That is unless there has been a dramatic development; an opportunity to get better terms on the stadium perhaps or a director removing his backing.
On the commercial side, we were dealt a bum-hand in the 70s when local teams like Leeds and the Sheffields were getting on the Telly regularly and we weren't. They nicked many of our would-be fans because of this. So now we need to work 5 times harder than Leeds and Sheffield to get bums on seats. Sorry, but I don't even see rovers working AS hard as them. We have got to get pricing right (it isn't ), we have to ensure that \"can't afford it\" is not a valid reason for fans not attending games. This will require a lot of packages, more transparent pricing, fewer one-off offers etc. JR needs to give up focusing on Leeds fans in Donny and instead move his attention to first Donny fans and then Liverpool, Man Utd, Chelsea etc. how many of these would follow Donny as a second club? Let's face it , they can get tickets to Donny.
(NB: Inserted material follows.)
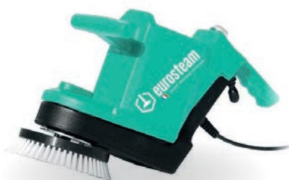
MINI-MONOBROSSE BASSE 300TRS/MIN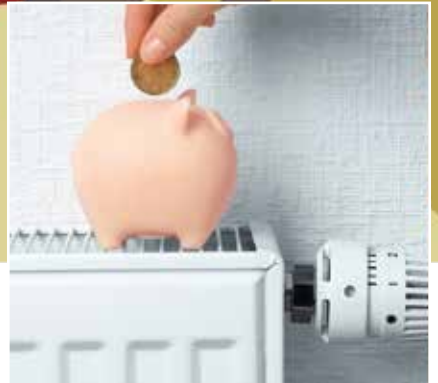
Réduire vos factures d'énergie | 7

For many reasons, the experiment can't work for us. I worry about it being a real nail in our coffin. Far from improving things, it is deteriorating them by demotivating players; making us less, not more attractive to future talent and destroying that fantastic reputation we had. O'Driscoll should not have been sacked. He started 1-match since January with a reasonably full squad to choose from. That was the Brighton match and of course he didn't finish it that way.
Whether you sack O'Driscoll or not, you maintain the principles and ethics that have served us so well. Halving the wage budget would cause most teams difficulties. Especially if your halving from being one of the lowest in the league. If we have to do this perhaps relegation does have to be accepted and prepared for. If I was the chairman, I would do this rather than turn DRFC into a car boot sale.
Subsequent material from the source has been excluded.